A ratio tells you the relationship between two quantities. For instance, if you run 11 miles every two hours, that's a ratio of 11:2 or 11/2. If your plant grows two centimeters every three days, then the ratio of centimeters to days would be 2:3 or 2/3.

Unit Rates

In word problems, you'll often be asked to calculate unit rates from ratios. Examples of unit rates are cost per item and miles per hour. Unit rates are a simpler way to express ratio relationships, because they tell you the quantity per unit. For instance, if you know that a car travels 120 miles every two hours, the ratio would be 120:2 or 120/2. However, it would be much simpler to calculate a unit rate that tells you how many miles the car travels per hour.

To calculate unit rates, divide the top number in the ratio (or the number on the left) by the bottom number (or the number on the right). In this example, you would divide 120 by two to get 60 (120 ÷ 2 = 60). This means that the car is traveling 60 miles per hour. The number representing the units you'd like to state your answer in should always be on the bottom.

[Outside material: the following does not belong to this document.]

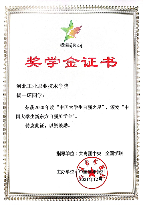 近日,在共青团中央、全国学联等部门联合开展的2020年度“中国大学生自强之星”寻访活动中,我校工商管理系杨一诺同学荣获2020年度“中国大学生自强之星”。

Proportional Relationships

A proportional relationship occurs when a change in one quantity always results in a change in another quantity. For instance, if you're buying cookies for a party, and they cost $0.50 each, then the total cost of the cookies increases by $0.50 for every additional cookie that you buy. If a car uses exactly one gallon of fuel for every 30 miles that it travels, this would also be a proportional relationship. Keep reading to learn some ways to identify proportional relationships.

Graphs

If you're given a graph of the relationship between two things, you can tell visually if there's a proportional relationship. If so, then every one unit change on the x-axis produces the same amount of change on the y-axis, and the line will be straight.

Multiples

If you're given two ratios and are asked to tell if they're proportional, you'll need to use your knowledge of multiples. Use the following steps:

  1. Write the ratios as fractions. Label the top left number 'A,' the top right number 'B,' the bottom left number 'C' and the bottom right number 'D.'
  2. Compare A and B, and identify which one is larger. Then, compare C with D. If the numbers in one ratio are larger than their counterparts in the other ratio, then the two ratios may be proportional.
  3. Find a number that you can multiply by the smaller of A or B to get its counterpart. If the larger number isn't a multiple of the smaller one, then the two ratios are not proportional.
  4. Multiply the smaller of C or D by the number you found in step three. If the product is its counterpart, then the two ratios have a proportional relationship.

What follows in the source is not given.